Dataset records START

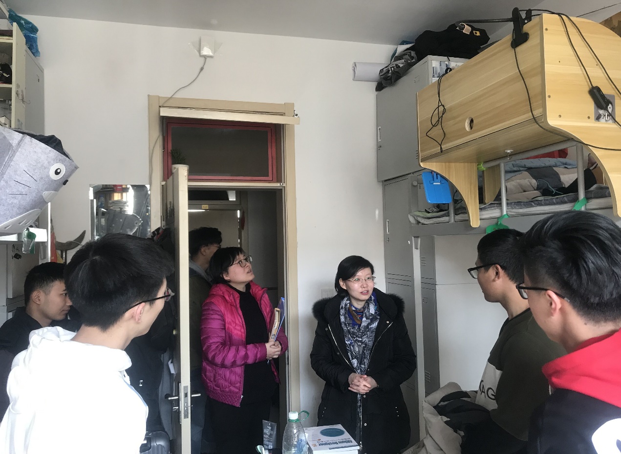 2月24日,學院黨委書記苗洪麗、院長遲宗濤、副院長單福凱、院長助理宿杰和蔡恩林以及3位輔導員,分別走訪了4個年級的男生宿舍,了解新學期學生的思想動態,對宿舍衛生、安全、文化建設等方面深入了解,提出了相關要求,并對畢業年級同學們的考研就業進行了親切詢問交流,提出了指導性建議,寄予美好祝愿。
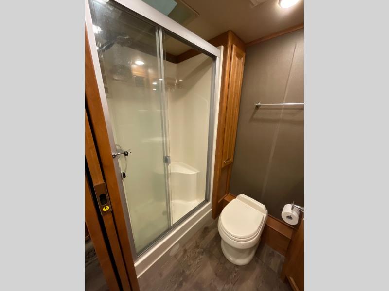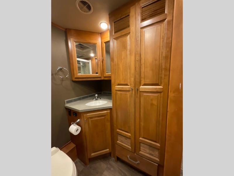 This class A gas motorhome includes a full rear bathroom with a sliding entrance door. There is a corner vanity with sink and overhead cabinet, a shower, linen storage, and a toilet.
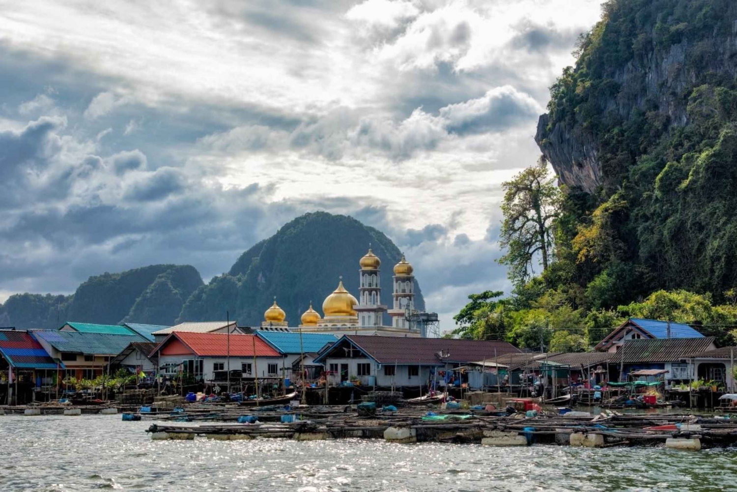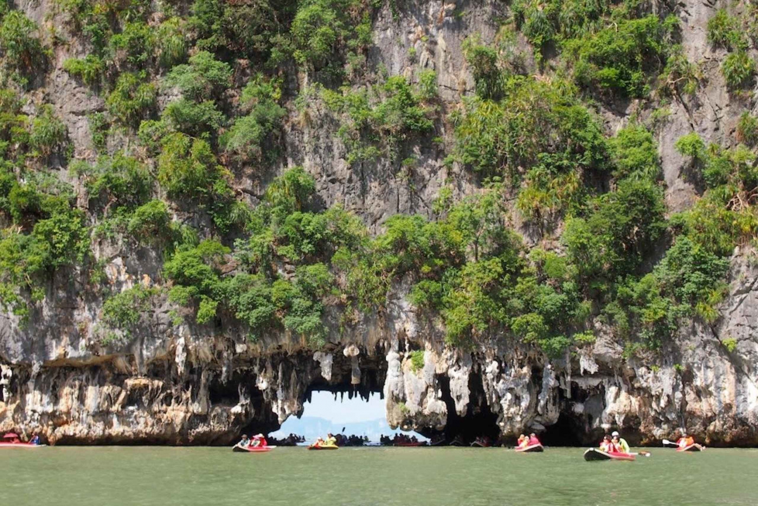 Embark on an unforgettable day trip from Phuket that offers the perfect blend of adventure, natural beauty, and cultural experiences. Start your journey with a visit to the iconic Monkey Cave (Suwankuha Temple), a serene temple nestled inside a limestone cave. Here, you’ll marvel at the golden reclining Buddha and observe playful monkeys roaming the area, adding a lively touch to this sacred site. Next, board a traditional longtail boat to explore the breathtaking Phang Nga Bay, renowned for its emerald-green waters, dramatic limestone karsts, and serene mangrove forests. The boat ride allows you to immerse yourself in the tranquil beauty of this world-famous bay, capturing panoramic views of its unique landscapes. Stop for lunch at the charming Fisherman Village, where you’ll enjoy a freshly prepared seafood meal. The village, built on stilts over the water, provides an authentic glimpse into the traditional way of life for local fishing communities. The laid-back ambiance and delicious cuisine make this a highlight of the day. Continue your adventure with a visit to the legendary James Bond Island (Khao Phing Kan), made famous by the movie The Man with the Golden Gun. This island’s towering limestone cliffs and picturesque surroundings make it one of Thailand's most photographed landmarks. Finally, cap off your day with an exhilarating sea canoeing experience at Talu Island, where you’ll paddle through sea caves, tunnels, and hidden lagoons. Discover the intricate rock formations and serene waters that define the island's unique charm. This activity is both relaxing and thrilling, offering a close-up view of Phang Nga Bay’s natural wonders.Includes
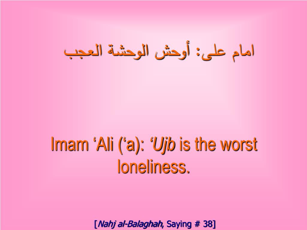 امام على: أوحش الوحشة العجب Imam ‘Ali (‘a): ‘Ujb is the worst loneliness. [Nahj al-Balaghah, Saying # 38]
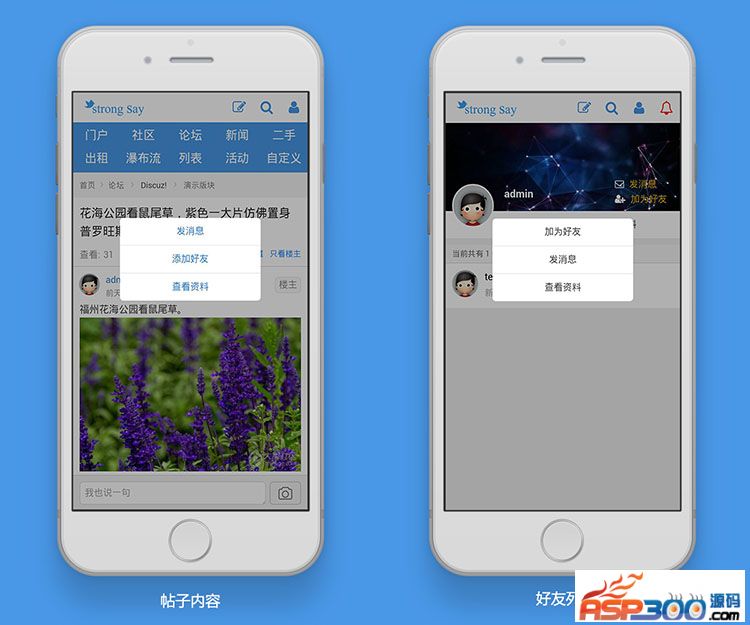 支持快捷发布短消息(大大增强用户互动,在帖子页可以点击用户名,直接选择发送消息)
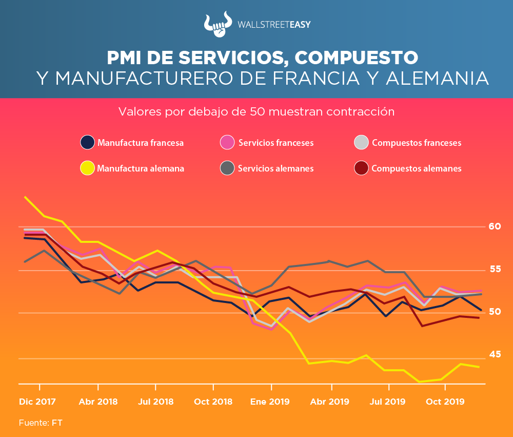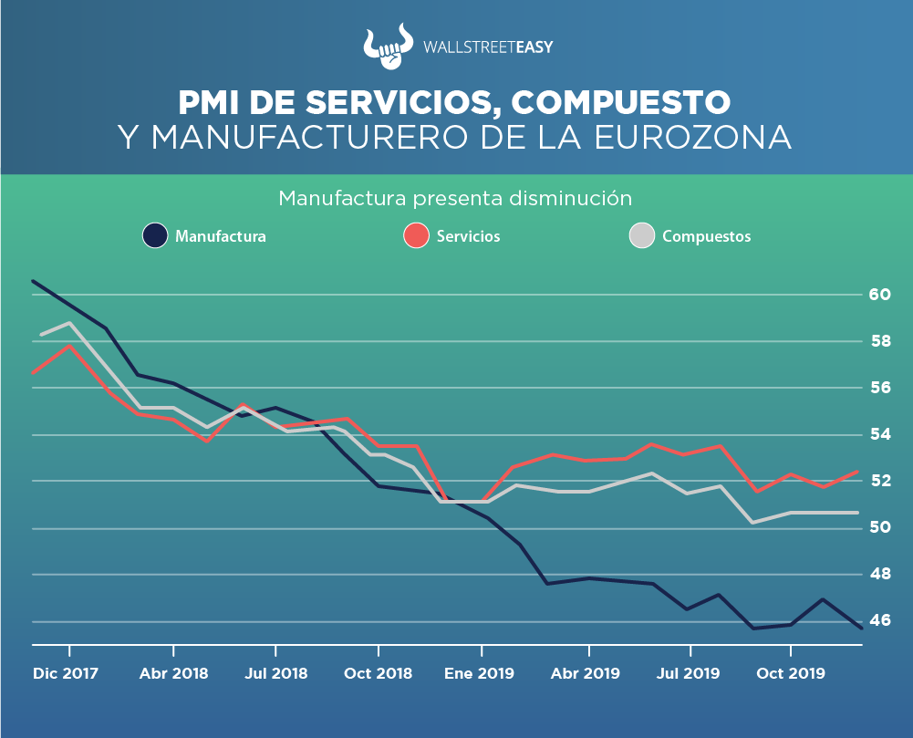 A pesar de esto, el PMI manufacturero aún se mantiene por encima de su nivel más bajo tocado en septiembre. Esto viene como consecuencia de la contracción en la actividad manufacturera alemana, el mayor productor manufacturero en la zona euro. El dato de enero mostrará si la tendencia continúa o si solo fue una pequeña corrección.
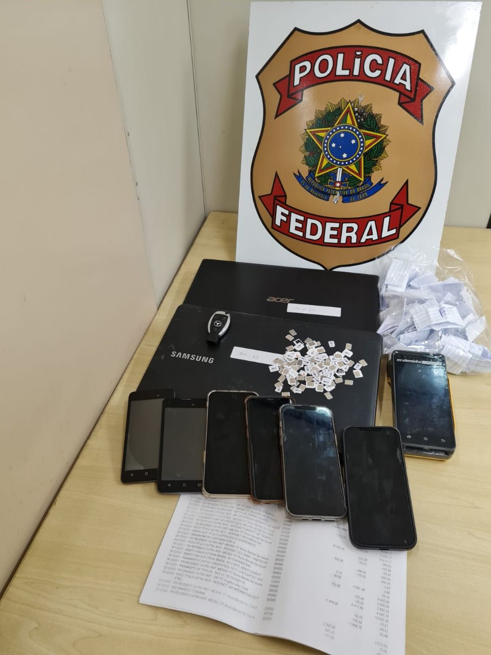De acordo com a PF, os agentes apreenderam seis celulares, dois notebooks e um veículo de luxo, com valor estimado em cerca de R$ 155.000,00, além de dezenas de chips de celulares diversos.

Dataset records END
Dataset records START

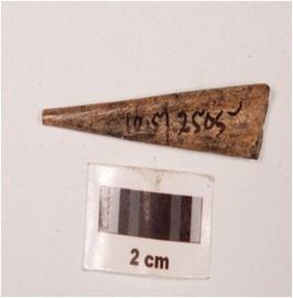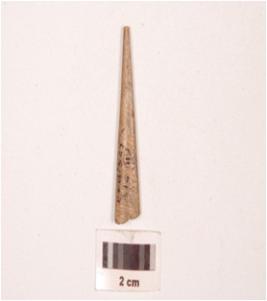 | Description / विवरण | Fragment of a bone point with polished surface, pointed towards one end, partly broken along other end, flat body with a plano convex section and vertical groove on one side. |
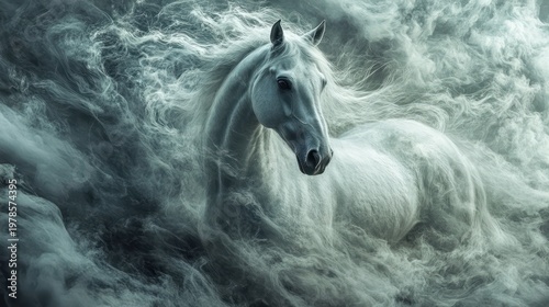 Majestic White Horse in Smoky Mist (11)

Dataset records END
Dataset records START

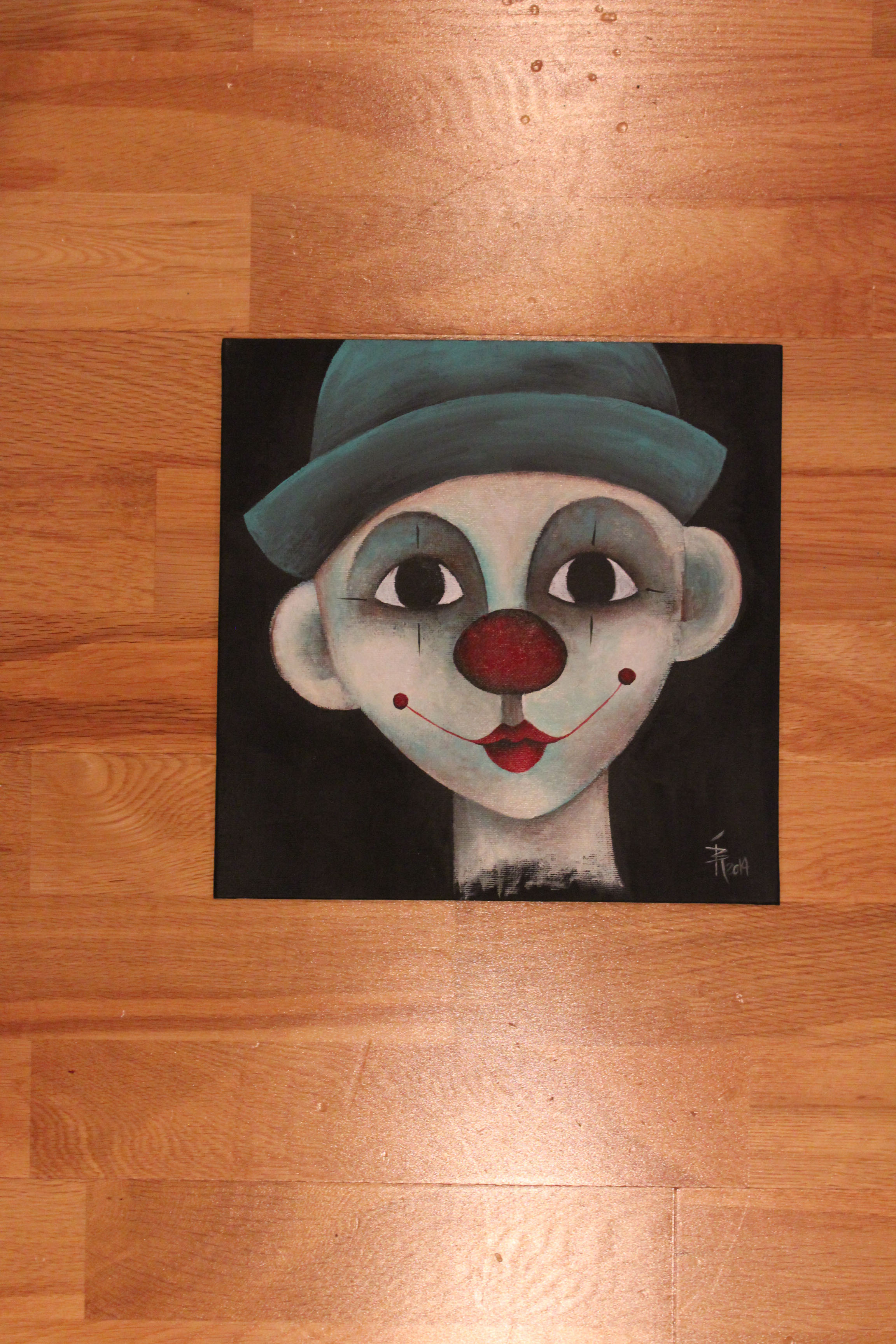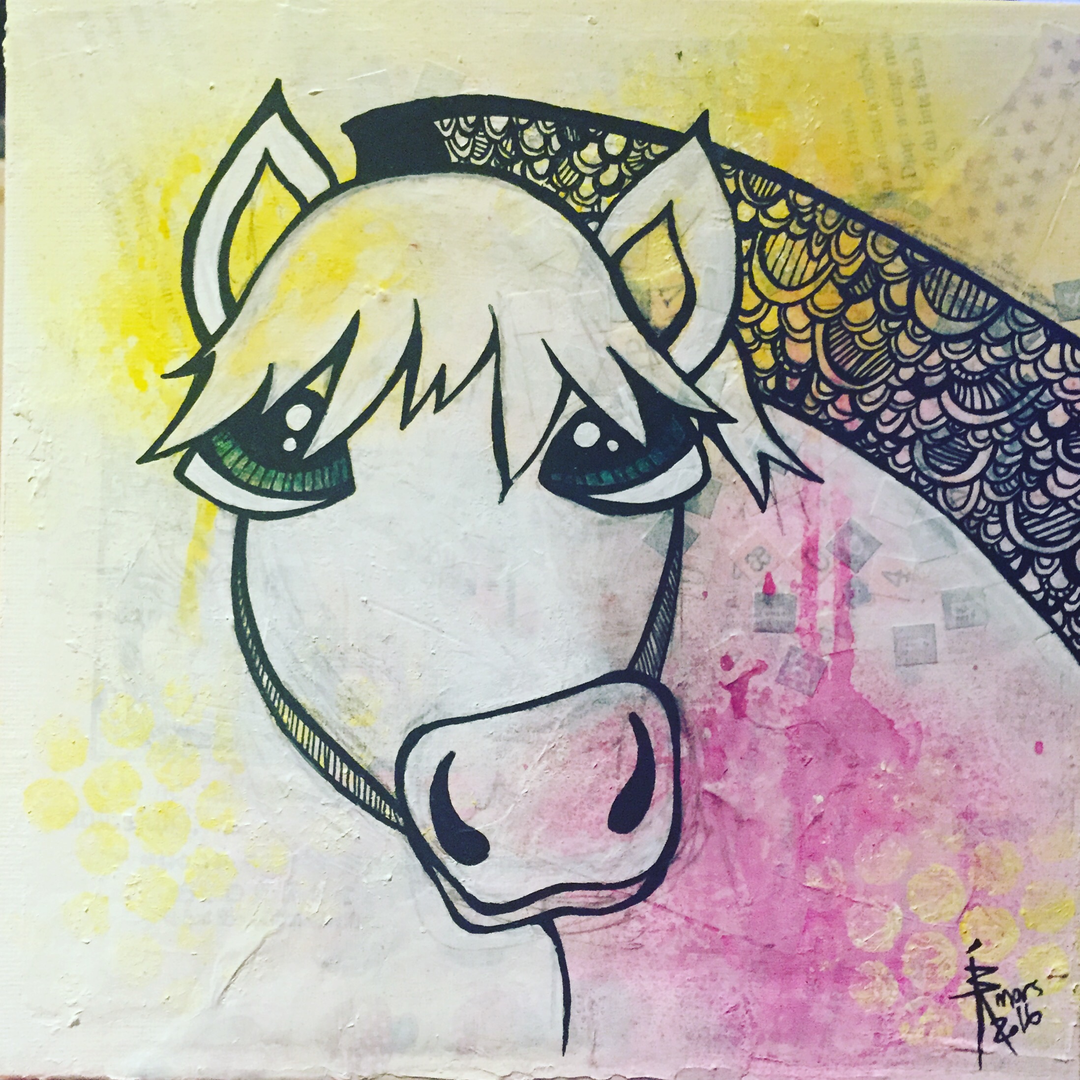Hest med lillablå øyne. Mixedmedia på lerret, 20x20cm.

Dataset records END

Only one part of the material above is wanted: the lines from the one with "امام على: أوحش" up to and including the one with "De acordo com". Please copy them exactly, pictures left out.

### Answer box
 امام على: أوحش الوحشة العجب Imam ‘Ali (‘a): ‘Ujb is the worst loneliness. [Nahj al-Balaghah, Saying # 38]
 支持快捷发布短消息(大大增强用户互动,在帖子页可以点击用户名,直接选择发送消息)
 A pesar de esto, el PMI manufacturero aún se mantiene por encima de su nivel más bajo tocado en septiembre. Esto viene como consecuencia de la contracción en la actividad manufacturera alemana, el mayor productor manufacturero en la zona euro. El dato de enero mostrará si la tendencia continúa o si solo fue una pequeña corrección.
De acordo com a PF, os agentes apreenderam seis celulares, dois notebooks e um veículo de luxo, com valor estimado em cerca de R$ 155.000,00, além de dezenas de chips de celulares diversos.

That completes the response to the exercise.